Open HyunkuKwon opened 3 years ago
It looks like the causal inference here is difference-in-differences (DiD) between countries where the first reported coronavirus case has been reported versus not been reported. Do you find this convincing, and what do you think of recent critiques of staggered DiD designs (example)? Is this a good causal inference approach for text analysis?
The paper show that novelty and parachute collabs goes up and international collabs go down during COVID-19, which makes me wonder how would these three variables perform among war-state countries (e.g. scientific breakthroughs during WWI, WWII). Since pandemics and wars are both "life-and-death" situations, would they show similar trends in scientific novelty? (Of course the international collabs will occur among allies.)
In addition, I wonder if scientific funding would have great effect on novelty. I'm not sure what motivated Newton during the Great Plague, but for contemporary researchers, might monetary resources be a significant motivation for innovations? (e.g. with more funds, scientists become more imaginative and dare try out expensive, complicated methods.)
My question is about the measure of the "novelty". They use the measure of BioBERT to capture the distance between two bio-entities in each entity pair extracted from CORD-19 papers. And it seems that both the technique and the research findings are robust because the paper finds a similar pattern in the 2003 SARS pandemic when the average novelty score boomed up at the specific time.
But my question is, do you think such measure meaningful? I mean, when a new virus occurs and a new pandemic occurs, the research seems will naturally focus on the newly coming problem/phenomenon. So the boosting of novelty seems natural and not surprising. (But I do think the relation between collaboration and novelty is interesting to me!!!)
As a response to @jacyanthis about the DiD techniques, I do think DID is useful and appropriate here to identify the treatment effect, and may not be too related to text analysis?
In terms of how disasters influence collaboration and innovation, I feel like the Covid 19 might not be a good example if we didn't consider the effect of the global political context on them.
In addition, I think it would be more interesting to compare examples such as SARS, MERS(with more details), H1N1 pandemic, and focus more on the lagged effect of the corresponding pandemic. It's possible that such disasters enable more investment in scientific research and infrastructures. The long-term effect may worth exploring.
It is not clear how they address the reverse causality in this case - has scientific novelty affected the pandemics in the process to some extent as well?
What is the size of the corpus the authors use to detect novelty? How does it compare to traditional ones?
I'm also concerned with the operationalization of novelty. Intuitively, I would take a look at which journal the paper was published in. Generally speaking, papers published in top journals, such as Science and Nature, are innovative. Would you think that the impact of journals should be integrated into the calculation of novelty score?

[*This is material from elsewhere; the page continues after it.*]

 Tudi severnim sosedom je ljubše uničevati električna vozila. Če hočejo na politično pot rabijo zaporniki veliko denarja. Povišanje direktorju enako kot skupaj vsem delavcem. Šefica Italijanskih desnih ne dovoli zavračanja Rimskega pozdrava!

Agreed with @MOTOKU666 , I am also more interested in the long-term effects brought by the pandemic. It seems quite natural that new researches focus on covid 19 since it is such a big global outbreak.

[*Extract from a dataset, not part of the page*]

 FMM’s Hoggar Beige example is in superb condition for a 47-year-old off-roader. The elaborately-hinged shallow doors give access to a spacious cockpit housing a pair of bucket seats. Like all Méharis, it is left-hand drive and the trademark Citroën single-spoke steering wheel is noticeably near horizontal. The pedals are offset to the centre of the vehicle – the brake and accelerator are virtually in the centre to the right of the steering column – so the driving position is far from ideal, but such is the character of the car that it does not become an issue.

will the effect of covid-19 on international collaboration be long-lasting? or will the patterns of collaboration resume to pre-covid times when the world goes back to normal?

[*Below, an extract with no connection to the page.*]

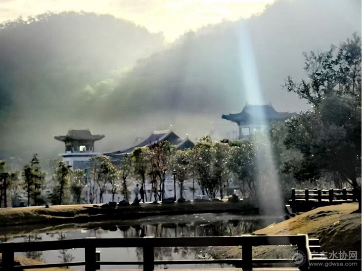 临水的亭台一半藏在雾里,飞檐的线条被雾磨得很柔和。檐角的影子落在水面上,轻轻一晃,就散了。岸边的树枝垂下来,枝头挂着夜里没干的露水,每一根枝条都像蘸了淡墨的笔,在水面上轻轻扫过,留下若有若无的痕迹。我站在亭下,看着这一切慢慢发生,心里很安静,又有一点说不上来的柔软——原来“岁月静好”这四个字,有时就是这样一幅不起眼的小景。

I don't find the results surprising as we are going through a global pandemic. My concern is also the operationalization of novelty in this case, as many have mentioned. Since one of two major data sources is the COVID-19 Open Research Dataset, which covers 58,728 research articles about COVID-19 and related historical coronaviruses. Will the result naturally tend to show low novelty since those papers are targeting on one topic?
The authors find that "international collaborations are more novel than their counterparts", "coronavirus research has become more novel since the outbreak", etc. I am wondering if there is similar literature applying word embedding models or BERT to understand novelty in other domains?
I always have a distrust about the actual contribution brought by the COVID-19 research boom. Some of them feel like they were being rushed out or done for the sake of doing things related to COVID. Why should we trust an exploratory analysis like this one is not one of them?
What are the mechanisms that explain an increase in "parachuting collaboration" during a global health crisis?
Liu, Meijun, Yi Bu, Chongyan Chen, Jian Xu, Diafeng Li, Yan Leng, Richard Freeman...Ying Ding. 2020. “Can Pandemics Transform Scientific Novelty? Evidence from COVID-19.” arXiv:2009.12500.